**Work instruction:** Copy out each line of the entries where the word "when" is present.

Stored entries
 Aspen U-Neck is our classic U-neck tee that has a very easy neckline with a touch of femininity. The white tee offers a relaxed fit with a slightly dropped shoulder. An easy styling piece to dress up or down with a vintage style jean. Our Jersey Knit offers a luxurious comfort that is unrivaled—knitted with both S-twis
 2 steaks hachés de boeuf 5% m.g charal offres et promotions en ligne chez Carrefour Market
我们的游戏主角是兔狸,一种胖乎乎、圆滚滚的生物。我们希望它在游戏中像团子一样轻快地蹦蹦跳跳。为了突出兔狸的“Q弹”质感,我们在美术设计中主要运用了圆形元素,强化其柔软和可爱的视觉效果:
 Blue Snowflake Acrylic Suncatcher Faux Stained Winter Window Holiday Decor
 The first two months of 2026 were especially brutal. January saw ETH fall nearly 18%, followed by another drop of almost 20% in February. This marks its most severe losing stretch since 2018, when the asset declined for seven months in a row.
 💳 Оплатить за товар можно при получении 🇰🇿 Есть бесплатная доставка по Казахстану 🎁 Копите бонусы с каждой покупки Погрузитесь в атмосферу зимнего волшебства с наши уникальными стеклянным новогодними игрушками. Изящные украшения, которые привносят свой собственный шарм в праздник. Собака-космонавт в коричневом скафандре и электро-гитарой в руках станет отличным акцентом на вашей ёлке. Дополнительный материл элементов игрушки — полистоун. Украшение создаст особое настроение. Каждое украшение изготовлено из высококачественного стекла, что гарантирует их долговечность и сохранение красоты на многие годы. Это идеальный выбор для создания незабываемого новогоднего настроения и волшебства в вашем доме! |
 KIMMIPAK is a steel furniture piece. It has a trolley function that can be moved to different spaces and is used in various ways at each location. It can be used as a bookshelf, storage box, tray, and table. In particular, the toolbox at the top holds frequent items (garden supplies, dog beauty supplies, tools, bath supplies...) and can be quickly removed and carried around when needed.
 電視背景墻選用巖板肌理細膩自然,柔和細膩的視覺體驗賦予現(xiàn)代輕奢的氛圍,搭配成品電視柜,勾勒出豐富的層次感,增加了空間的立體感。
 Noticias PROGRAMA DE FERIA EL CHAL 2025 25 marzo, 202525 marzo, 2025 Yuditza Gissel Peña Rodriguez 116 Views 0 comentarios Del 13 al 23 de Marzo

**Solution for this exercise:**
 The first two months of 2026 were especially brutal. January saw ETH fall nearly 18%, followed by another drop of almost 20% in February. This marks its most severe losing stretch since 2018, when the asset declined for seven months in a row.
 KIMMIPAK is a steel furniture piece. It has a trolley function that can be moved to different spaces and is used in various ways at each location. It can be used as a bookshelf, storage box, tray, and table. In particular, the toolbox at the top holds frequent items (garden supplies, dog beauty supplies, tools, bath supplies...) and can be quickly removed and carried around when needed.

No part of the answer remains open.